The technical distinction between “kinetic” (active, moving) pleasure and “katastematic” (stable, resting) pleasure has generated more confusion in Epicurean scholarship than almost any other topic, and most of that confusion is readily avoidable.

The distinction is real but limited in its significance. It is a way of classifying pleasures by type — active experience versus settled condition — not a hierarchy that ranks one above the other. Epicurus acknowledged both types as genuine pleasures. The problem arises when interpreters read “katastematic” as code for “the highest” or “the only truly Epicurean” form of pleasure, and then treat the entire positive content of the Epicurean life — taste, hearing, sight, companionship, joy, delight — as at best a tolerated means to the katastematic state.

This reading cannot be sustained against the texts. Epicurus says he cannot conceive of the good without the pleasures of taste, hearing, and sight. He says joy and delight in motion and activity are pleasures. His school was attacked by the Stoics not for counseling passive calm but for celebrating the pleasures of the flesh. The kinetic/katastematic distinction, to the extent Epicurus himself used it, was a tool of philosophical classification in dialogue with Platonic categories — not the organizing principle of Epicurean life.

For practical purposes, the distinction matters mainly as a warning against two opposite errors. The first error is thinking that Epicurean ethics is simply unlimited sensory indulgence with no regard for consequences — the vulgar hedonism charge. The second error, which concerns us more here, is thinking that Epicurean ethics is essentially passive minimalism — the zero-state charge. The full cup model avoids both: it insists on pleasure as real and vivid content, and on reason as the tool for filling the cup as fully as possible while keeping it sound.

Similarly, the classification of desires into natural-and-necessary, natural-but-not-necessary, and neither-natural-nor-necessary has been misread as a license for asceticism. On this misreading, the good Epicurean limits himself to the first category and treats everything beyond as problematic excess.

This misreading is directly contradicted by the purpose of the classification, which is analytical rather than prescriptive. The classification is a tool for understanding which desires are easily and cheaply satisfied and which lead into anxious, compulsive pursuit that generates more pain than pleasure. It identifies the floor of happiness — what is sufficient to secure the foundation — not the ceiling of what may be pursued.

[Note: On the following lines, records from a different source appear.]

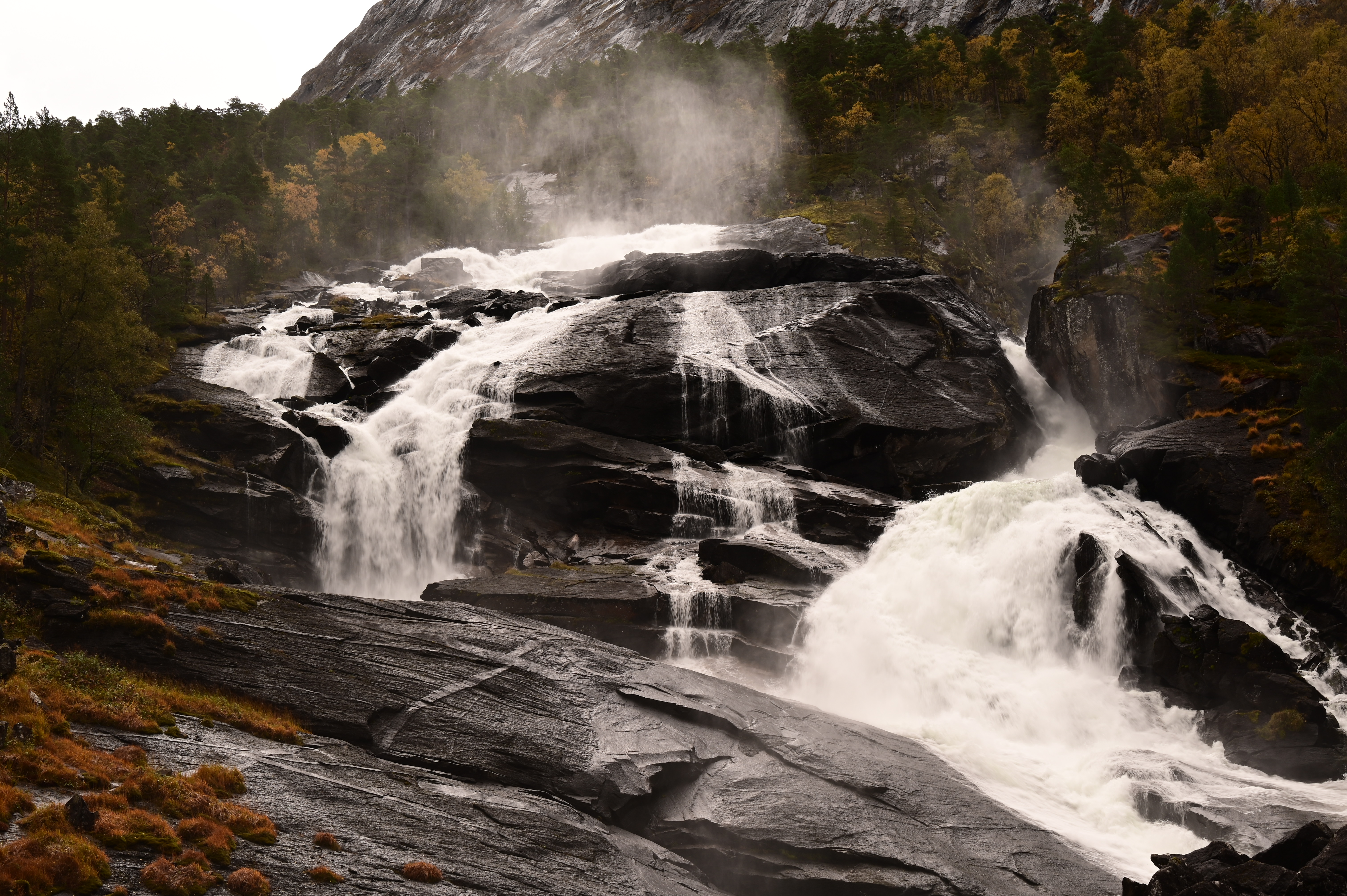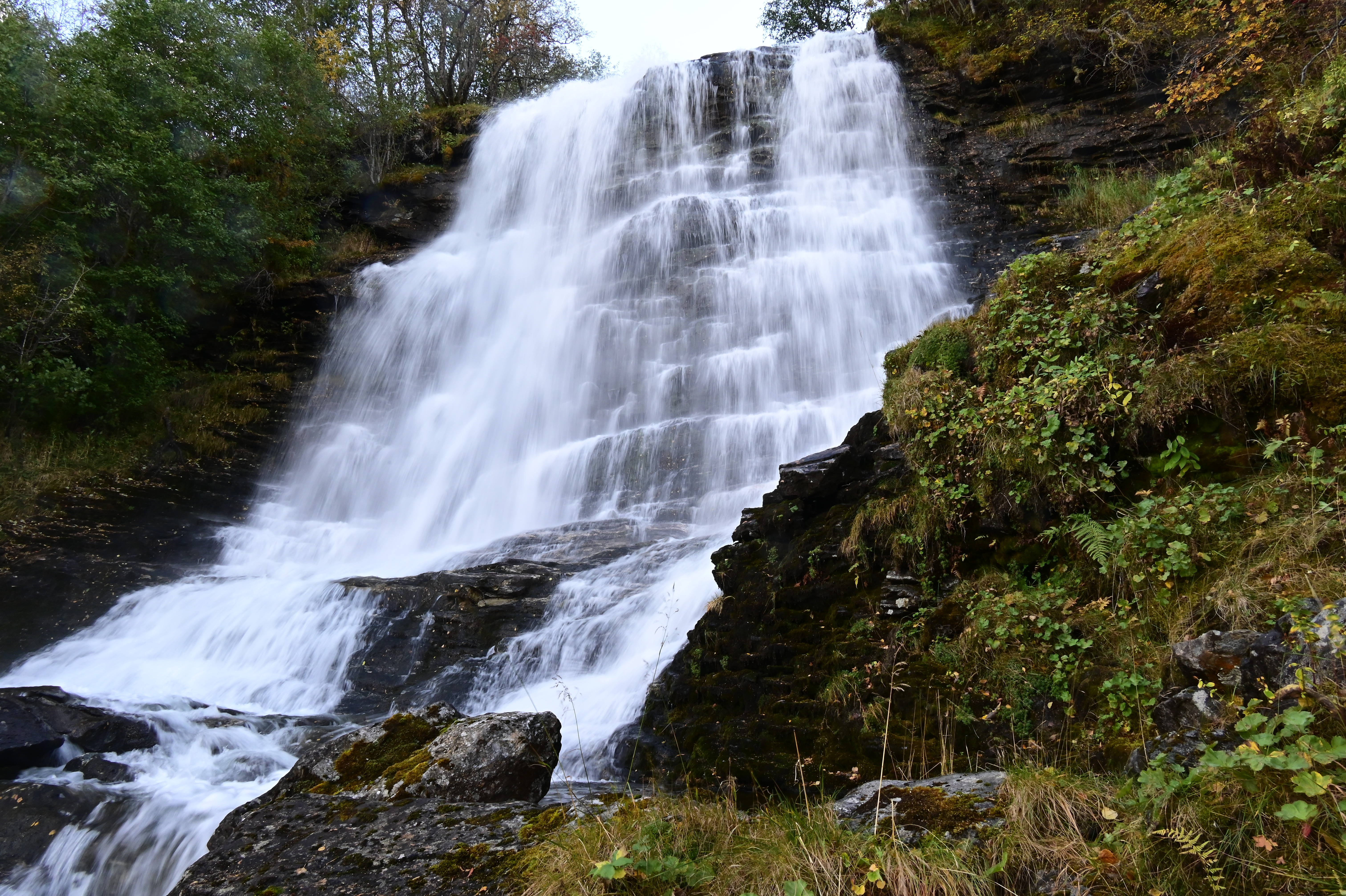 7. Husendalen valley. From Eidfjord we drove out to Kinsarvik from where we wanted to hike the four waterfalls of the Husendalen valley. It was already almost midday when we started our hike. It still rained a little when we started but soon after it was dry. We parked at the car park just before the little bridge. From there we started our hike. You first pass a helipad on the right, and then walk beside the Kinso river until you reach the power station, where the first waterfall, the Tveitafossen comes down right next to the old power plant. From here you have two ways to hike up, the first one is a wide gravel road that starts a little before you reach the power plant, on the left side of the road. The other one is to climb up the steep path that is just next to the big pipes. This hike is marked with red T’s, and starts off just left of the power plant and joins the pipe just after the building. You follow the pipe on the left side till you reach the dam. If you have taken the gravel path you can join the T marked path at the height of the dam. The T marked path is sometimes a scramble and can be slippery after rain, but it leads you right next to the second waterfall, the Nyastolfossen, one of the big waterfalls of Norway. It is a really beautiful hike through the forest. We saw a lot of beautiful mushrooms and one little squirrel hurrying away in front of us. It is very strange to see so little wildlife in Norway, very little birds or small mammals although there is so much unspoiled nature. Maybe it is because of the long cold winters that make it hard for them to survive? You climb a long time almost next to the waterfall until you reach the top. Here the T marked path joins the gravel path which is to its left. The gravel path continues to Stavali, a two day hike, and to see the third and fourth waterfall you have to continue on the red T marked path from here. We continued to the third waterfall, the Nykkjesoyfossen. You can hike up to the top of this waterfall, but decided to turn back after reaching the bottom of this waterfall, since it was getting very cold and it was already after 3 PM and we still had to walk down. Hiking up to the fourth waterfall, the Søtefossen, takes at least another half an hour. We walked back down via the gravel path which gives you another view of the Nyastolfossen. This hike is one of the most beautiful hikes in Norway! The hike up to the fourth waterfall and back easily takes 4 to 6 hours, you have to overcome 600 elevation meters, and it can become a lot colder when you get up higher.
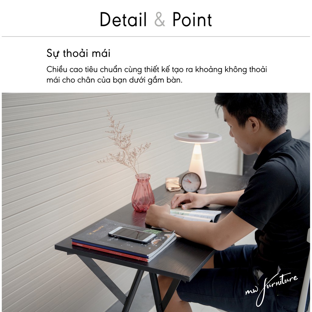 - Chất liệu: Mặt gỗ MDF và chân sắt sơn tĩnh điện
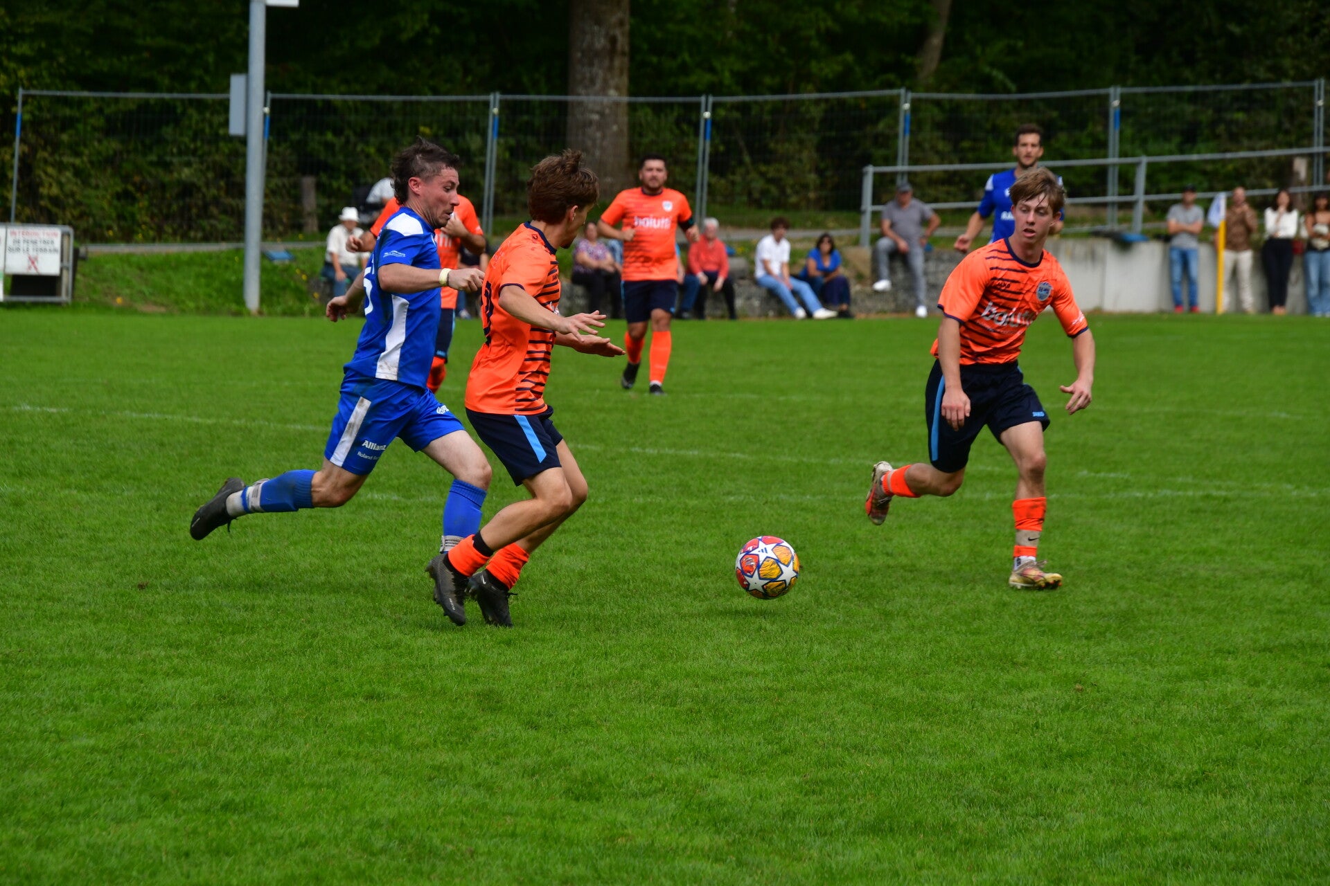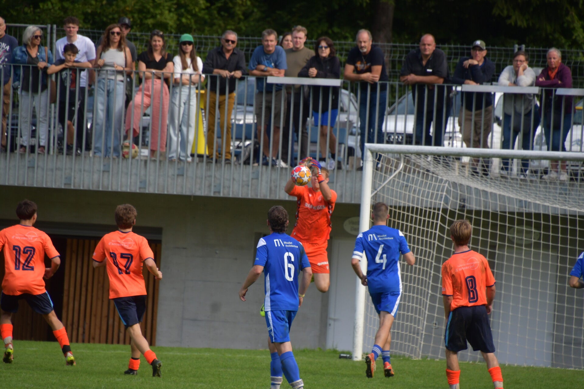 Festival de buts ! Estavayer s’impose dans un match fou grâce à Léo Zambelli (24’), Robin Nicolas Schorderet (28’), un but contre son camp d’Allan Raboud (38’) et Loukas-Emmanuel Fecha (51’). Charmey, pourtant combatif avec des réussites de Loïs Overney (16’), Théo Jaquet (56’) et David Uldry sur penalty (60’), repart bredouille.
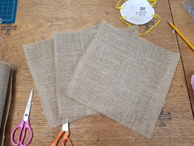 I cut the burlap in a square shape and grasped the hardness by overlapping 1, 2, 3, 4, and 5 pieces.

Epicurus valued friendship as the greatest pleasure available to human beings, and friendship far exceeds the merely natural-and-necessary. He hosted dinners, enjoyed wine, enjoyed intellectual conversation. He wrote to friends and colleagues across the Greek world. The point of noting that bread and water suffice in an emergency is not that bread and water define the Epicurean ideal, but that the foundation of happiness is secure and accessible even when fortune is unkind. From that secure foundation, the full cup can be pursued.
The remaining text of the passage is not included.